--- Your goal ---
All of the data is to be printed exactly, though the images must be left off.

--- Supplied entries ---
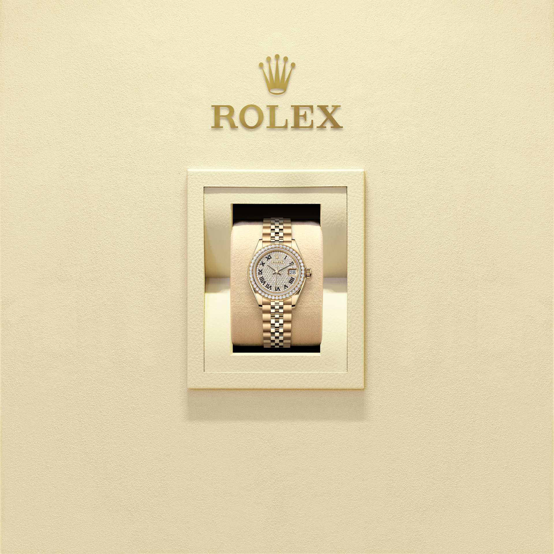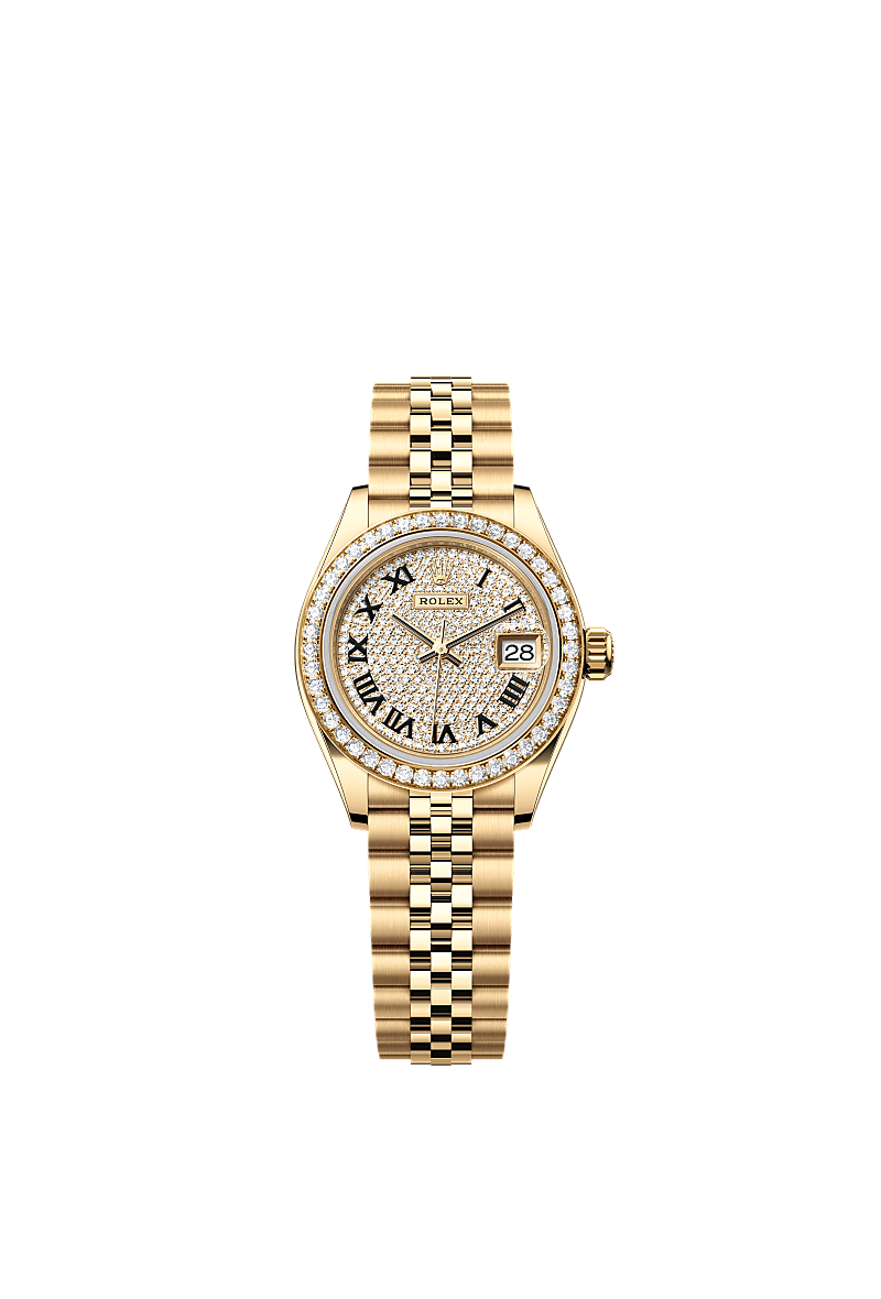 This Oyster Perpetual Lady-Datejust in 18 ct yellow gold features a diamond-paved dial and a Jubilee bracelet.
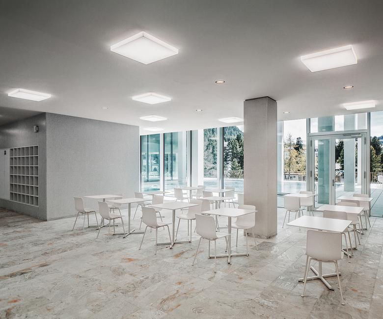 Das tagsüber vorhandene weiche, natürliche Tageslicht wurde mit künstlichem Licht in die Raumtiefen verlängert und additiv verstärkt. Um dies zu erreichen, wurden im Bädergeschoss präzise, geometrische Setzungen von diffusen Lichtfeldern vorgenommen, welche sich in das architektonische Raster integrieren. Die über den Becken in die Höhe springenden Raumvolumen wurden mit indirektem Licht komplementiert, um die Spannung zwischen den verschiedenen Raumhöhen zu unterstreichen.
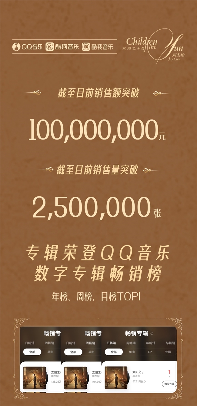 3月25日,华语流行歌手周杰伦第16张个东谈主专辑《太阳之子》在腾讯音乐旗下QQ音乐、酷狗音乐、酷我音乐独家首发上线。自3月19日预售开启,该专辑销量飞速攀升,当今全平台销售额摧折1亿东谈主民币,印证了其弘远的市集呐喊力。
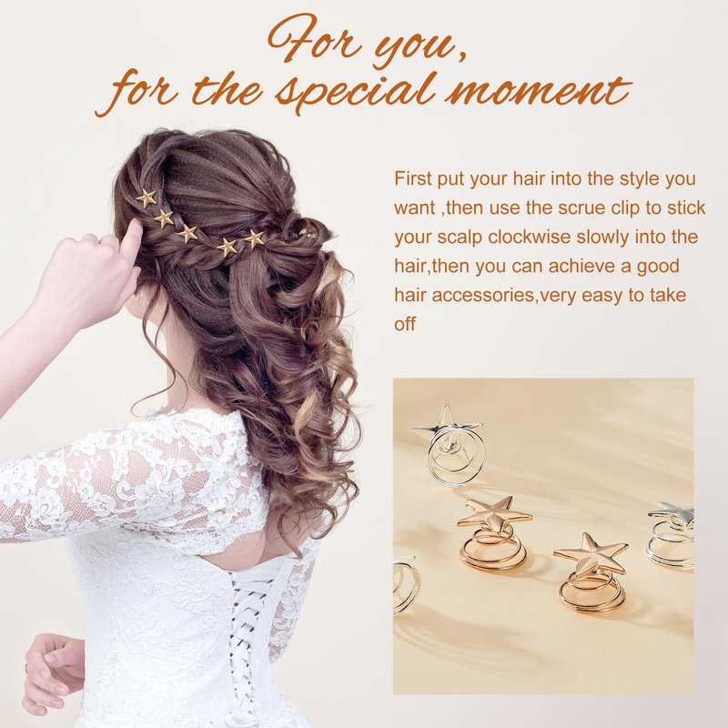 - Graceful outlook: our screw hair pins are crafted with a delicate star and a lovable spiral, help you make graceful and beautiful hairstyles, you will look shiny and charming under the light while wearing them
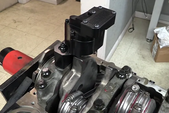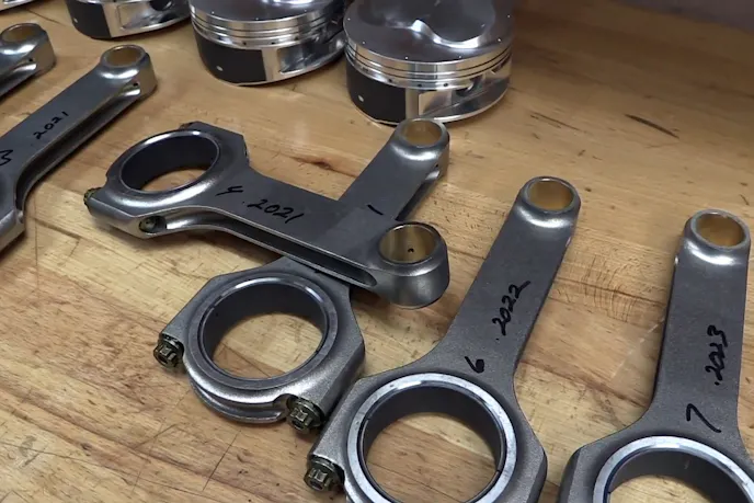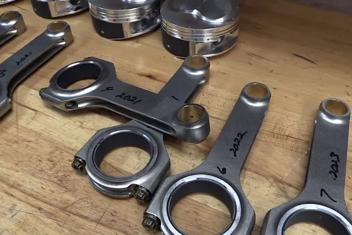 Hanging off the crank are a set of PBM forged 4340 steel H-beam rods, also with Clevite H-series bearings. While an off-the-shelf 6.535-inch rod length is used, they do have a unique feature in that they use .200-inch shorter rod bolts than standard. The 1.600-inch ARP2000 bolt have the same strength, but provide additional clearance and shave a small amount of weight.
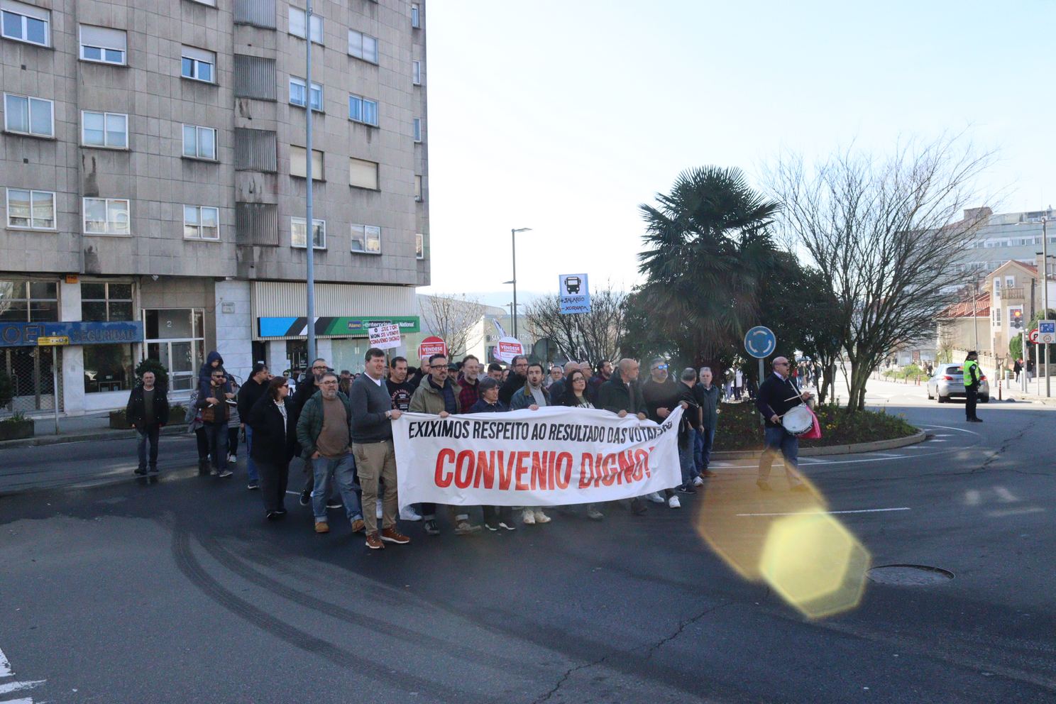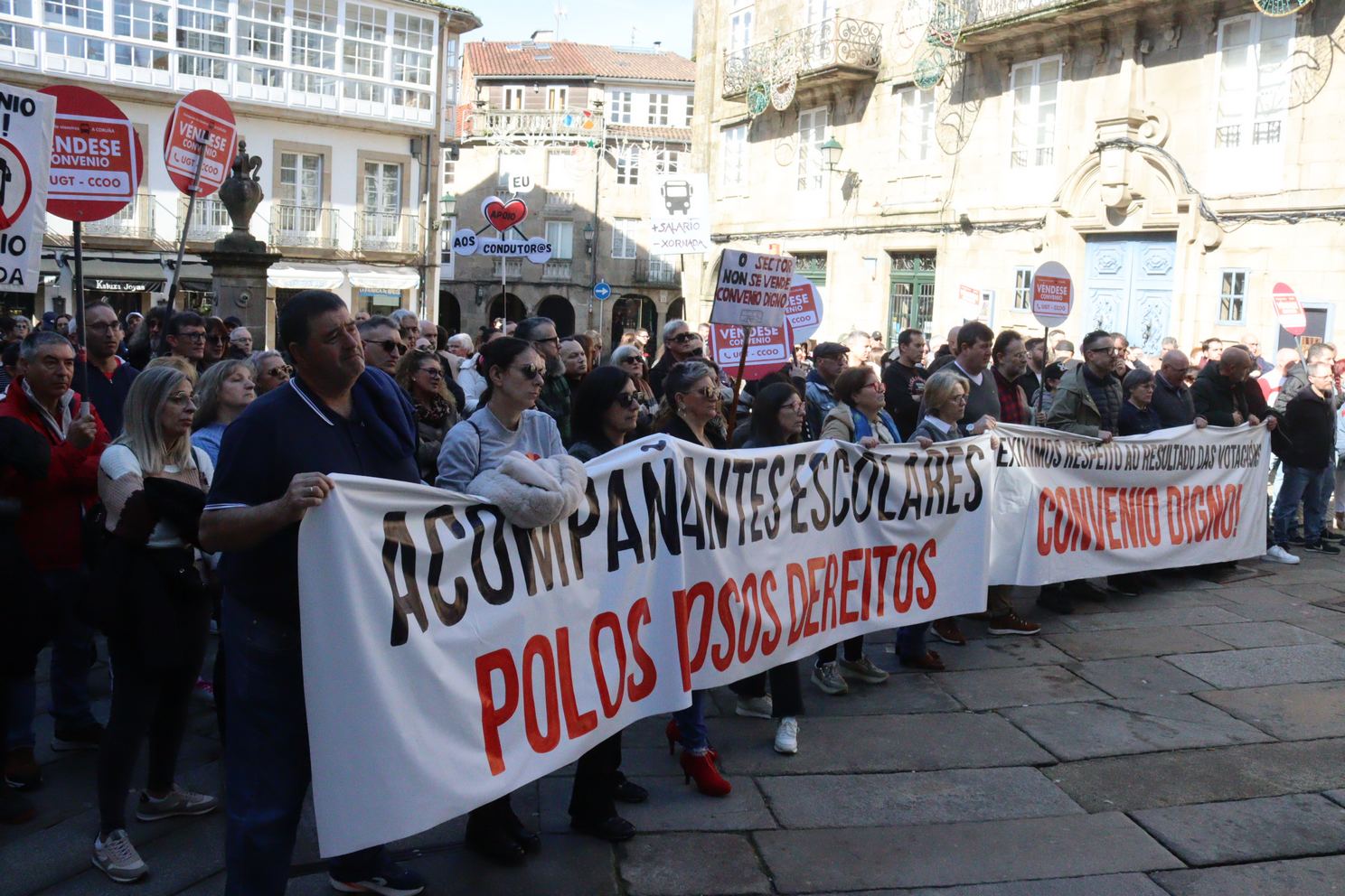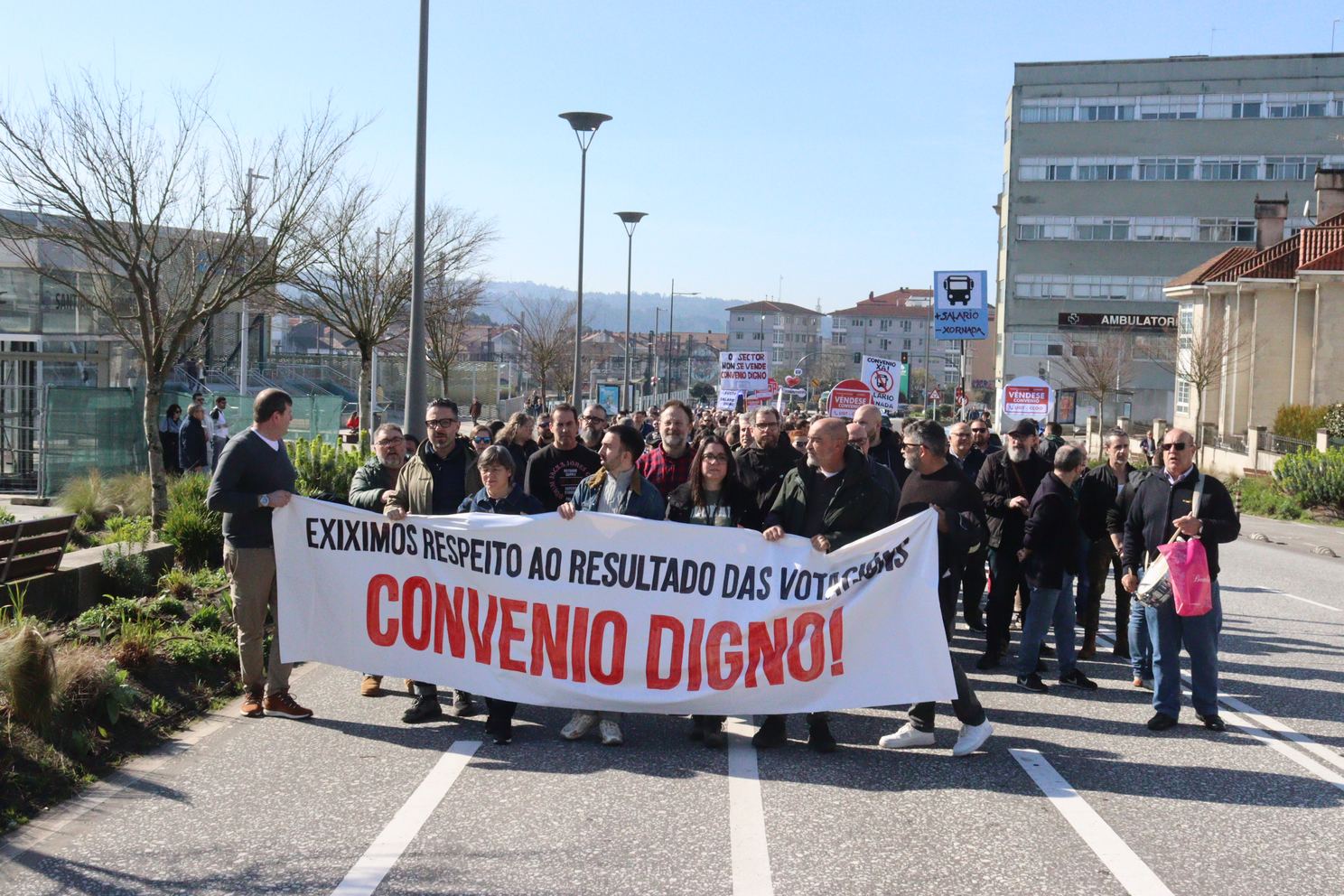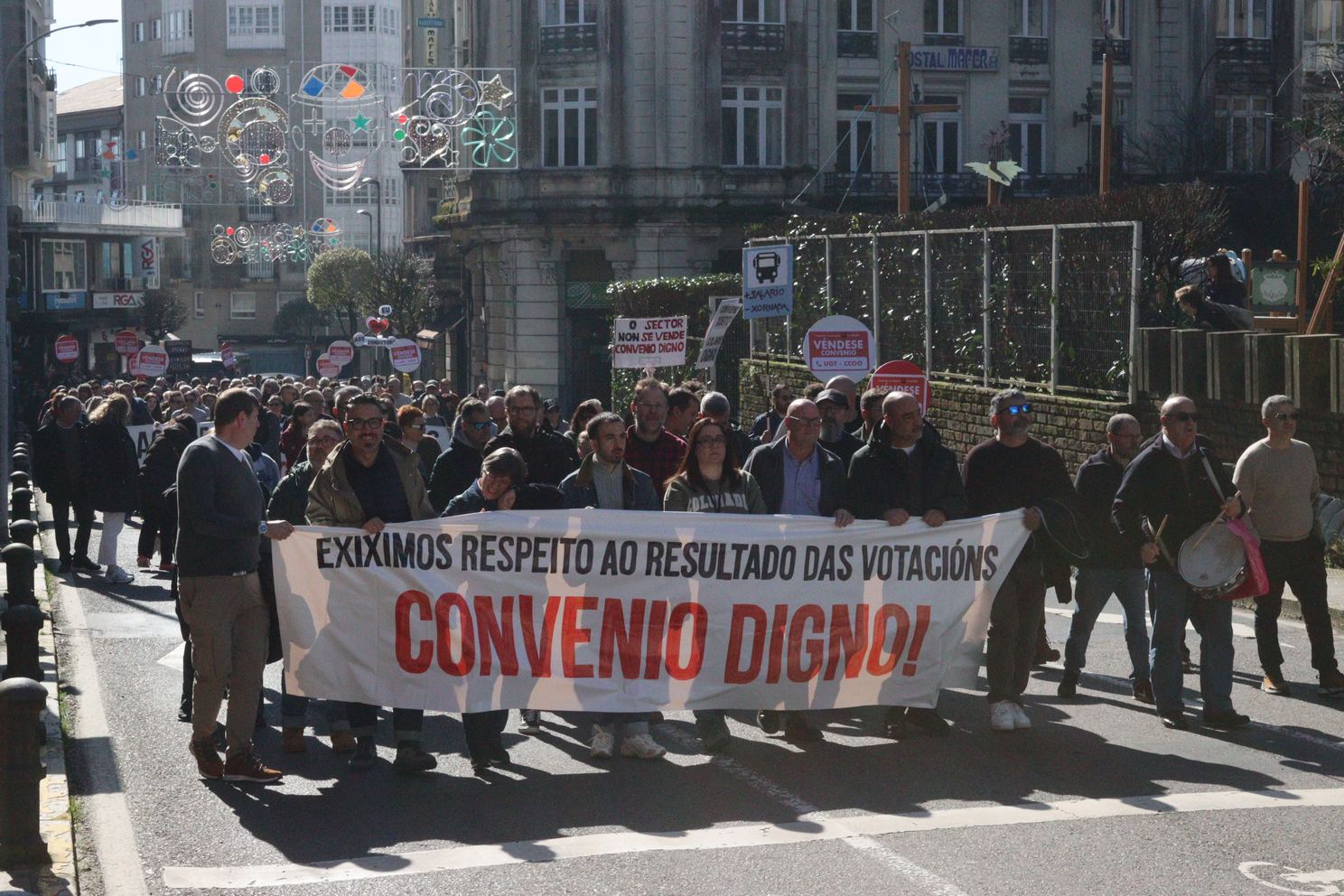 A manifestación, que partiu da estación intermodal de Santiago e rematou na Praza do Toural, estivo encabezada por unha faixa cunha mensaxe clara dirixida á patronal e aos sindicatos estatais: “exiximos respecto ao resultado das votacións, convenio digno”, en referencia ao rotundo rexeitamento do acordo asinado no marco da mediación, que recibiu a oposición de 831 persoas traballadoras no referendo celebrado o 4 de febreiro. Un referendo que, hai que salientar, era vinculante para todas as partes.

--- Answer section ---
 This Oyster Perpetual Lady-Datejust in 18 ct yellow gold features a diamond-paved dial and a Jubilee bracelet.
 Das tagsüber vorhandene weiche, natürliche Tageslicht wurde mit künstlichem Licht in die Raumtiefen verlängert und additiv verstärkt. Um dies zu erreichen, wurden im Bädergeschoss präzise, geometrische Setzungen von diffusen Lichtfeldern vorgenommen, welche sich in das architektonische Raster integrieren. Die über den Becken in die Höhe springenden Raumvolumen wurden mit indirektem Licht komplementiert, um die Spannung zwischen den verschiedenen Raumhöhen zu unterstreichen.
 3月25日,华语流行歌手周杰伦第16张个东谈主专辑《太阳之子》在腾讯音乐旗下QQ音乐、酷狗音乐、酷我音乐独家首发上线。自3月19日预售开启,该专辑销量飞速攀升,当今全平台销售额摧折1亿东谈主民币,印证了其弘远的市集呐喊力。
 - Graceful outlook: our screw hair pins are crafted with a delicate star and a lovable spiral, help you make graceful and beautiful hairstyles, you will look shiny and charming under the light while wearing them
 Hanging off the crank are a set of PBM forged 4340 steel H-beam rods, also with Clevite H-series bearings. While an off-the-shelf 6.535-inch rod length is used, they do have a unique feature in that they use .200-inch shorter rod bolts than standard. The 1.600-inch ARP2000 bolt have the same strength, but provide additional clearance and shave a small amount of weight.
 A manifestación, que partiu da estación intermodal de Santiago e rematou na Praza do Toural, estivo encabezada por unha faixa cunha mensaxe clara dirixida á patronal e aos sindicatos estatais: “exiximos respecto ao resultado das votacións, convenio digno”, en referencia ao rotundo rexeitamento do acordo asinado no marco da mediación, que recibiu a oposición de 831 persoas traballadoras no referendo celebrado o 4 de febreiro. Un referendo que, hai que salientar, era vinculante para todas as partes.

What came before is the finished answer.